Nothing hits like a creamy, hearty potato & leek soup during chilly days – topped with spiced crispy chickpeas and chives for the ultimate soup-erb soup!
Leek is not a common ingredient in my pantry, but every time I use it I think about why it’s not! Leeks are underrated and have amazing nutritional benefits. They are are high in iron and vitamins while helping to improve digestion. They subtle sweet flavour is what draws me to them as they are not as pungent as they counterpart cousins like onions and garlic.

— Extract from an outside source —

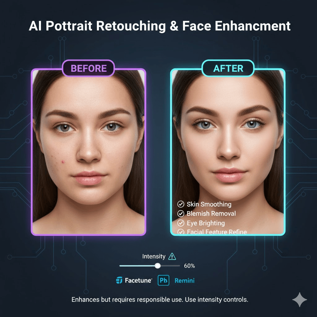 The good: AI is actually pretty impressive here. Tools like Facetune and Remini can do in 10 seconds what used to take 20 minutes of careful Photoshop work. Skin smoothing has gotten good enough that it doesn't create that weird plastic looking effect anymore.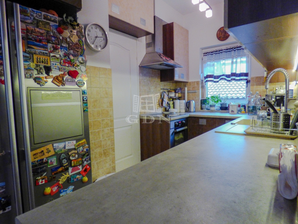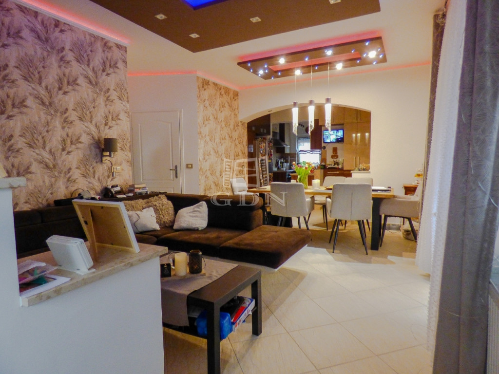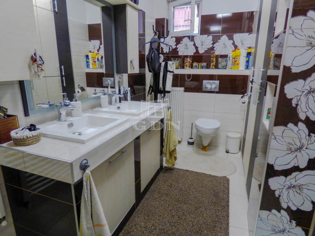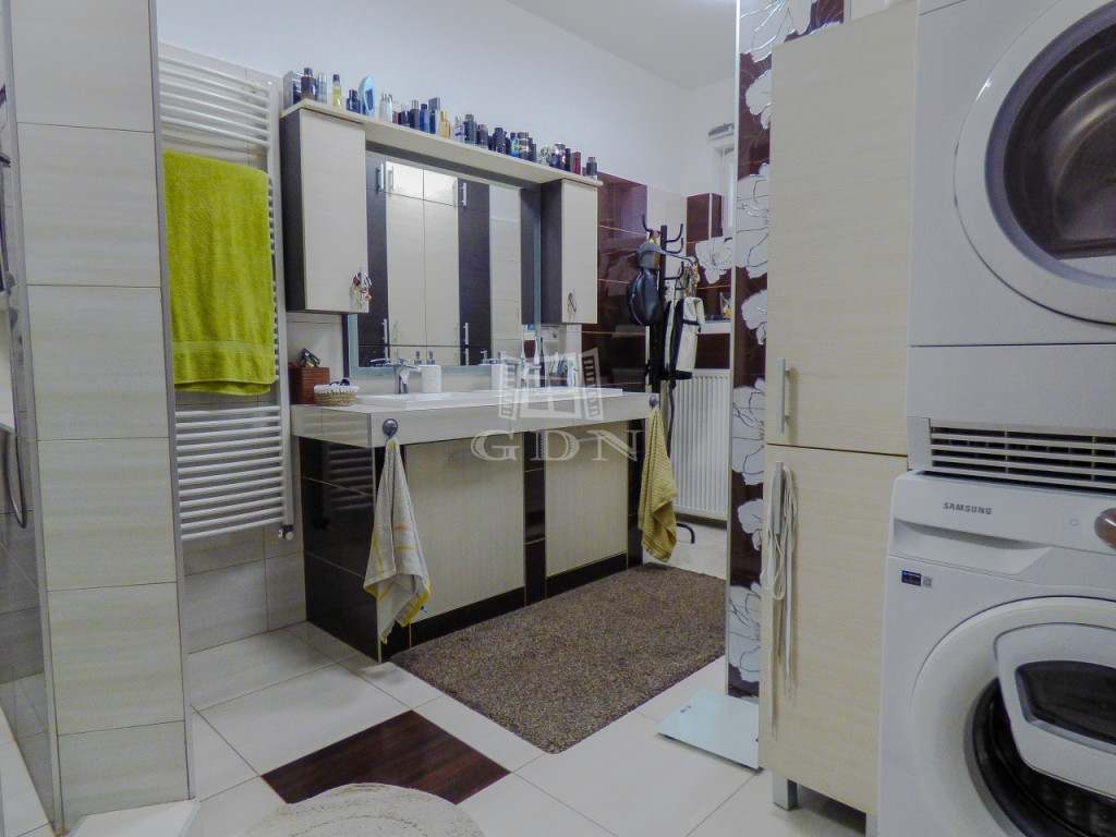 A nagyobbik lakrészen amerikai konyhás (kamrával), étkezős nappali, 4 hálószoba, 2 fürdőszoba, wc, infraszauna, gardrób, nagy terasz lett kialakítva két szinten.

Leeks paired with potatoes in soup form is debated to be either a French or Irish classic. After reading up, it was interesting to learn that potatoes were majorly hyped in France (late 18th century onwards) – thanks to Antoine-Augustin Parmentier who was a huge advocate of potatoes as a food source. This subsequently led to surge in potato recipes becoming widespread in the 19th century.
This easy recipe incorporates just a few ingredients but what makes this a little unique is the crispy topper – spiced crispy chickpeas. It’s one of my favourite ways to prepare chickpeas other than hummus but I may be a little biased because I love chickpeas in all forms.
What Do I Need?
This recipe is simple and gluten free. With a short ingredient list and a quick preparation time, you can make this soup easily during chilly days.
- leeks – you can use both the white and green parts for this recipe
- potatoes – yukon or russets potatoes work really well!
- vegetable stock cubes – to add flavour. I always try to use organic ones!
- herbs – thyme and bay leaves (fresh thyme is great but dried thyme works too)
- plant milk – to add some creaminess I like to add soy milk! But any plant milk works, even coconut if you want extra creaminess and fattiness
- garnish – olive oil and chives (+ crispy chickpeas)
Vegan Potato & Leek Soup
Ingredients
- 1 tbsp vegan butter
- 2 large leeks
- 3 cloves garlic
- 2-3 medium potatoes
- 3 cups water
- 2 cubes vegetable stock
- 2 bay leaves
- 1 tsp dried thyme (sub 2 sprigs fresh thyme)
- 1/2 tsp salt if needed
- 1/4 tsp black pepper
- 1 cup soy milk
- chivea garnish
Spiced Crispy Chickpeas
- 1 can chickpeas
- 1 tsp garlic powder
- 1 tsp onion powder
- 2 tsp smoked paprika
- 1/4 tsp turmeric
- 1 tsp dried herbs
- 1/2 tsp salt
- 1/4 tsp black pepper
- 1-2 tbsp olive oil
Instructions
- Preheat oven to 200C.
- Drain and rinse your chickpeas from the can. Add them onto a baking tray, add your seasonings and coat the chickpeas evenly.
- Bake chickpeas for about 15-17 minutes until they are crispy, tossing them halfway.
- Chop the ends of the leeks (there might be dirt stuck between the layers) and chop them nicely.
- Peel potatoes and dice them into cubes. Smash the cloves of garlic with a knife.
- To a pot, add vegan butter. Once it melts, add the leeks and saute for a few minutes. Add garlic and saute for a minute more.
- Add your potatoes, 3 cups of water (2 cups if you want a thicker soup) and add your seasonings – vegetable stock cube, thyme, black pepper and salt (if needed).
- Boil for 10 minutes until potatoes are fork tender.
- Add in your soy milk and mix well. Use an immersion blender and blend the soup until smooth.
- Top the soup with crispy chickpeas, olive oil and chives. Serve!